In a further preferred embodiment, the invention is a buoyant island comprising: a first portion that has a perimeter and that comprises a positively buoyant, water-porous and water-permeable matrix material that comprises polymer fibers or polymer shreds that are intertwined to form a randomly oriented blanket, said polymer fibers or polymer shreds being coated with a water-based latex binder, polyurea or polyurethane, said first portion having a thickened section at said perimeter and a center section; and a second portion that is attached to said center section of said first portion, said second portion being negatively buoyant. Preferably, said second portion comprises concrete or stone. Preferably, said positively buoyant, water-porous and water-permeable matrix material has a surface that is capable of supporting colonization by beneficial microbes.

In another preferred embodiment, the invention is an assembly comprising: a plurality of the buoyant structures or buoyant islands disclosed herein; and a plurality of attachment devices that connect each of said buoyant structures or buoyant islands to another of said buoyant structures or buoyant islands in at least two locations. Preferably, each of said attachment devices comprises a rope, a cable or a metal strip, a chain or a cord.
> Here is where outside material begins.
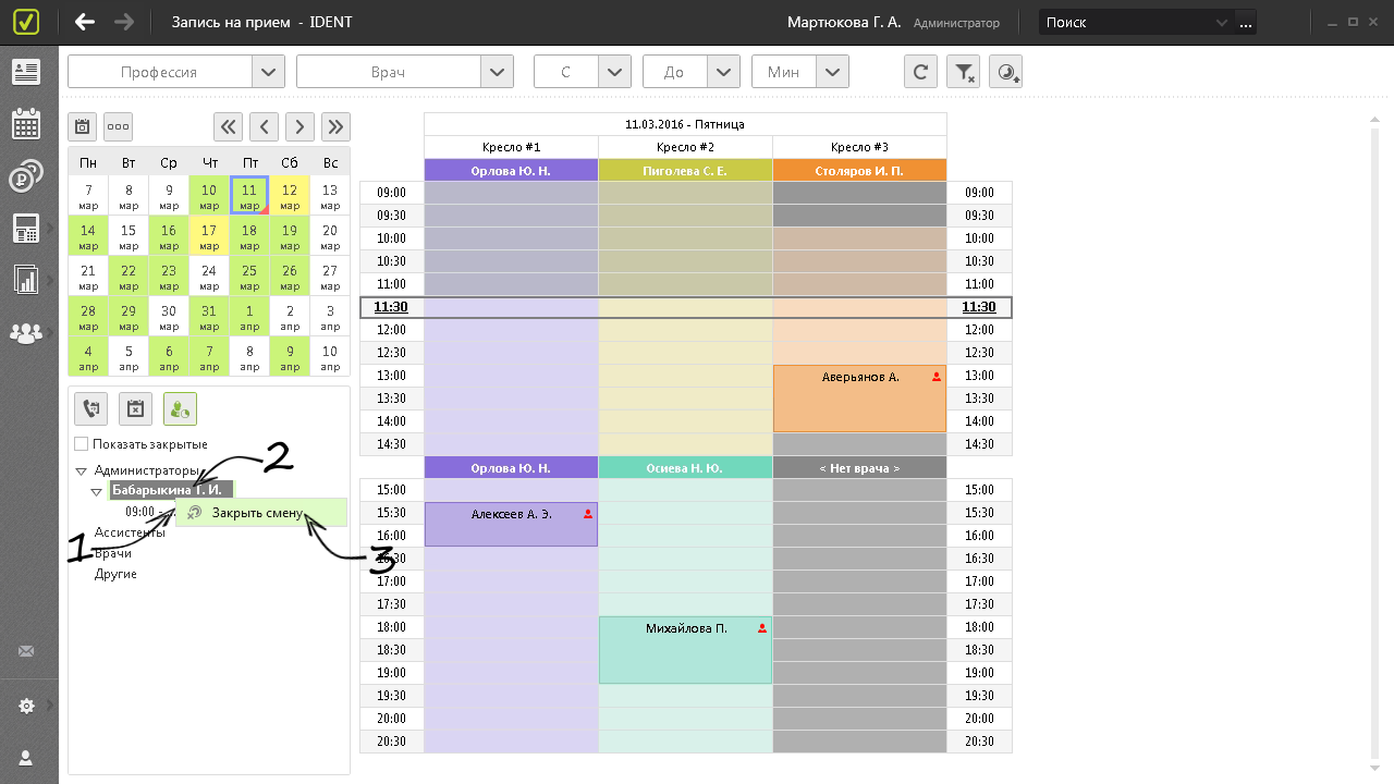 Наличие зеленого уголка (1) у смены означает, что к этой смене был оставлен комментарий. Чтобы закрыть текущую смену, нажмите правой кнопкой мыши на фамилию сотрудника (2) и выберите «Закрыть смену» (3).

Preferably, said water-porous and water-permeable matrix material has a surface that supports colonization by beneficial microbes.

In another preferred embodiment, the invention is a buoyant structure comprising: a body that comprises a positively buoyant, water-porous and water-permeable matrix material that comprises polymer fibers or polymer shreds that are intertwined to form a randomly oriented blanket, said body having an overhanging upper lip section, an undercut center section and an overhanging lower lip section.

In another preferred embodiment, the invention is a structure for installation in a body of water having a water surface, said structure comprising: a plurality of pieces of scrap nonwoven matrix bonded together with a bonding agent or encased in a nonwoven matrix blanket to produce a combination having elements that are operative to provide surfaces for microbial colonization. In a further preferred embodiment, the invention is a structure for installation in a body of water having a water surface, said structure comprising: a plurality of pieces of nonwoven matrix that is comprised of polyester or jute that are encased in one or more blankets of nonwoven matrix that are comprised of polyester or jute. In yet another preferred embodiment, the invention is a plurality of randomly shaped pieces of reground polymer bonded together or encased in a nonwoven matrix blanket that is operative to provide a surface for microbial colonization. Preferably, said combination is positively buoyant. Preferably, said combination is negatively buoyant.

Preferably, the structure has an interior having an interior surface area and an outer surface having an outer surface area, a portion of which outer surface area is above the water surface, and said interior surface area is a multiple of said outer surface area. Preferably, the structure has an interior having an interior surface area and an outer surface having an outer surface area, and said interior surface area is greater than said outer surface area. Preferably, the structure is further comprised of polymer scrap pieces and said polymer scrap pieces are comprised of a combination of polymer fibers and a polymer foam. Preferably, the structure is further comprised of two layers of nonwoven polymer matrix, said polymer scrap pieces are arranged in a layer, and said layer of polymer scrap pieces is sandwiched between said two layers of nonwoven polymer matrix. Preferably, the structure is further comprised of multiple alternating polymer scrap piece layers and nonwoven polymer matrix layers. Preferably, said polymer scrap pieces are comprised of unsorted materials. Preferably, said polymer scrap pieces are comprised of materials having a specific gravity less than 1.0. Preferably, said polymer scrap pieces form a combined mixture and polymer scrap pieces are comprised of materials having a range of specific gravities, such that said combined mixture of polymer scrap pieces has a net positive buoyancy. Preferably, said polymer scrap pieces are comprised of materials having a specific gravity greater than 1.0. Preferably, said polymer scrap pieces form a combined mixture and said polymer pieces are comprised of materials having a range of specific gravities, such that said combined mixture of polymer scrap pieces has a net negative buoyancy.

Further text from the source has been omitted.